A second method, the Biological Value (BV) scale, is based on the retention of protein nitrogen by the body. It is thought to be a good measure of protein utilization. The BV scale stretches from 0 to 100, with a score of 100 indicating that virtually 100% of a given protein’s nitrogen is retained by the body. Some people – particularly in the sports world – use this method, but it is not widely accepted within the community of nutritional scientists.
Most nutritionists (and many in the sports sector) now consider the Protein Digestibility Corrected Amino Acid Score (PDCAAS) to be the international standard for assessing protein quality. This approach, developed by the Food and Agriculture Organization and endorsed by the U.S. Food and Drug Administration, considers the amino acid balance of a given protein as it compares with the amino acid needs of humans, with specific reference to 2-5 year old children. It also takes into account the digestibility of the protein, or how fully the protein is broken down and absorbed by the body. The PDCAAS scale stretches from 0.0 to 1.0, with a score of 1.0 indicating that the protein completely satisfies human needs from a quality perspective.
During the 1990’s, whey protein became the protein of choice among bodybuilders, due in large part to an intense and successful marketing campaign sponsored by the dairy industry. That marketing promotion was based on the fact that some whey protein isolates have a rating of 100 on the BV scale. In comparison, egg-white protein (the traditional standard for bodybuilders) typically ranks in the 90’s, while most fish, beef, and soy proteins rank in the 70’s on the BV scale. (You will see a wide variety of BV scores for these foods because different people express the ratios in different ways, and the techniques for measuring BV are imprecise and not easily replicated from one experiment to another.)
However, when the PDCAAS approach is employed, soy protein isolates, whey protein isolates, and egg white protein all score a complete 1.00, meaning they all exhibit very high – and essentially equivalent – nutritional value in supporting human health.
The high PDCAAS score for soy protein isolates speaks to two important points. First, soy protein is well-digested and absorbed by humans. (This is the “D” of PDCAAS). Second, soy protein is complete. It contains all the essential amino acids in a proper balance for human growth, development, and health. (This is the “AA” of PDCAAS.)
Some authors have claimed that soy is lacking in the essential amino acid methionine, as if to imply that soy contains no methionine. This is incorrect. Soy may not be rich in methionine, but it contains enough to supply human needs under most circumstances. Furthermore, it is important to point out that human methionine requirements can be partially met by another sulfur-containing amino acid (cysteine). When cysteine + methionine content is considered, soy protein is nutritionally excellent.
Soy Allergies and Sensitivities
Soy is on the Food and Agriculture Organization’s list of the eight most prevalent food allergens. This list includes milk, eggs, fish, crustacea, wheat, peanuts, tree nuts, and soy. Together, these foods account for about 90% of food allergies.
That said, it is important to understand that these high-profile food allergies differ widely in their incidence, severity, and symptoms, and that soy protein – relative to milk and nut proteins, for example – is a relatively mild allergen. Consider the following:
- Milk and peanut allergies are each 5-6 times more prevalent than soy allergies. In fact, the true incidence of soy allergy – as confirmed by double blind, placebo-controlled food challenges – is quite low. Research indicates that allergic reactions to soy occur predominately in children less than four years of age, and most estimates agree that <1.0% of children (probably 0.2-0.4% of children) have true soy allergies. Moreover, 90% of children who have reactions to soy outgrow the allergy by age four. Given these statistics, it is safe to assume that <0.1% of adults (fewer than 1 in 1,000) are allergic to soy.

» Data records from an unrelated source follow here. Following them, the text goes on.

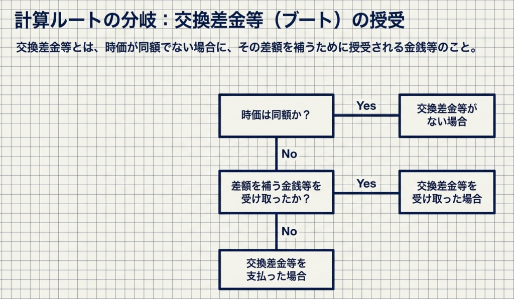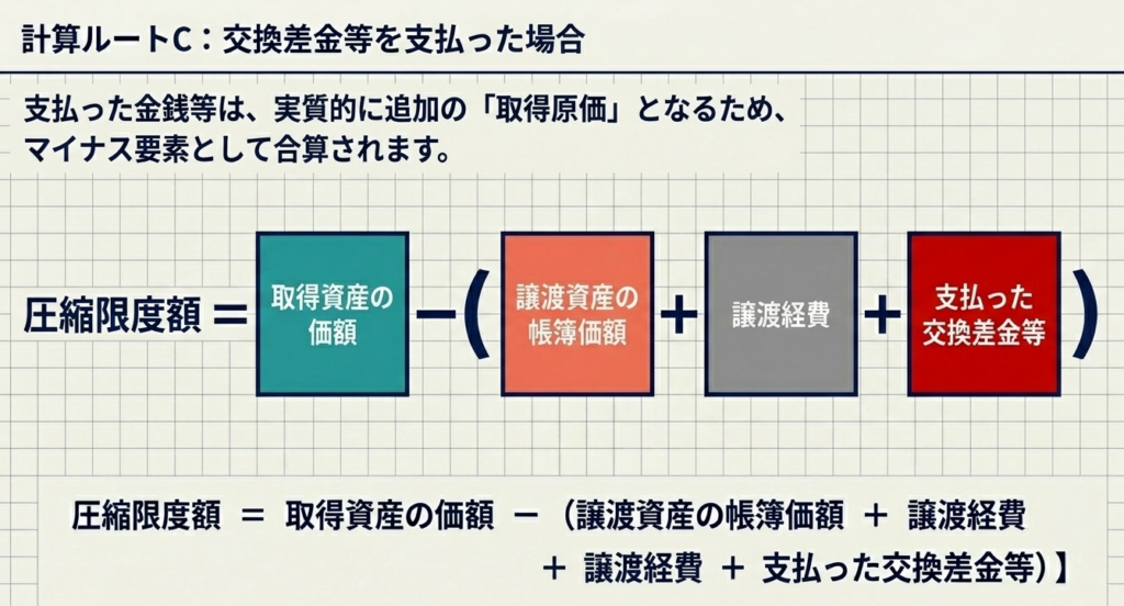 | 交換差金等を支払った場合 | 取得資産の時価 – (譲渡資産の帳簿価額 + 譲渡経費 + 交換差金等) |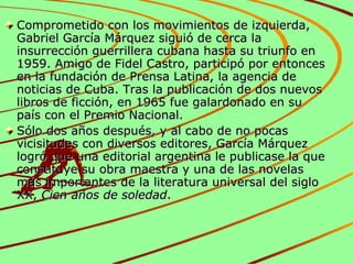 Gabriel García Márquez fue un novelista colombiano nacido en 1928 en Aracataca, Colombia. Estudió derecho y periodismo y comenzó su carrera como periodista. Publicó su primera novela La hojarasca en 1955. Más tarde, escribió Cien años de soledad en 1967, la cual es considerada una de las novelas más importantes del siglo XX. Fue amigo de Fidel Castro y participó en la fundación de Prensa Latina, la agencia de noticias de Cuba. Recibió el Premio Nacional de su país en 1965.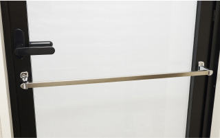 室内への通風と採光の取り入れを可能にし、外からの視線を遮ることができるプライバシーに配慮したルーバー面格子を廊下側に採用。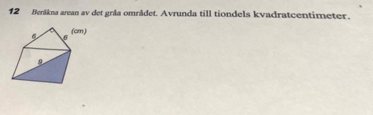 Du bör dock inte avrunda som du gjort utan använda de exakta värdena för de olika längderna, dvs. rotenur(x) utan att slå det på miniräknaren och få ett närmevärde. Annars blir avrundningsfelet i svaret för stort.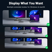 · Multi-Extended Modes for macOS: Boost your work efficiency with the UGREEN USB-C Docking Station's DisplayLink Technology to extend dual 4K@60Hz monitors for macOS and Windows systems. Choose between extended or mirrored display modes effortlessly. (Driver installation required for display and network functions)

- Food allergen reaction thresholds, or the minimum oral dose of protein that elicits an allergic response, tend to be several orders of magnitude (more than 100-1000 times) higher for soy than for milk and peanut proteins. In other words, it takes 100-1000 times more soy protein than milk or peanut protein to initiate an allergic response in sensitive people.
- Soy allergies tend to produce mild symptoms relative to other food allergies. In a summary report of clinical food challenge studies, it was noted that in 80% of reported cases, symptoms of soy allergies were minimal to mild, with the remaining 20% being moderate. No severe allergic reactions to soy were reported. In comparison, milk and peanut allergies produced minimal-to-mild symptoms in 50-70% of cases, moderate symptoms in 20-30% of cases, and severe symptoms in 10-15% of cases.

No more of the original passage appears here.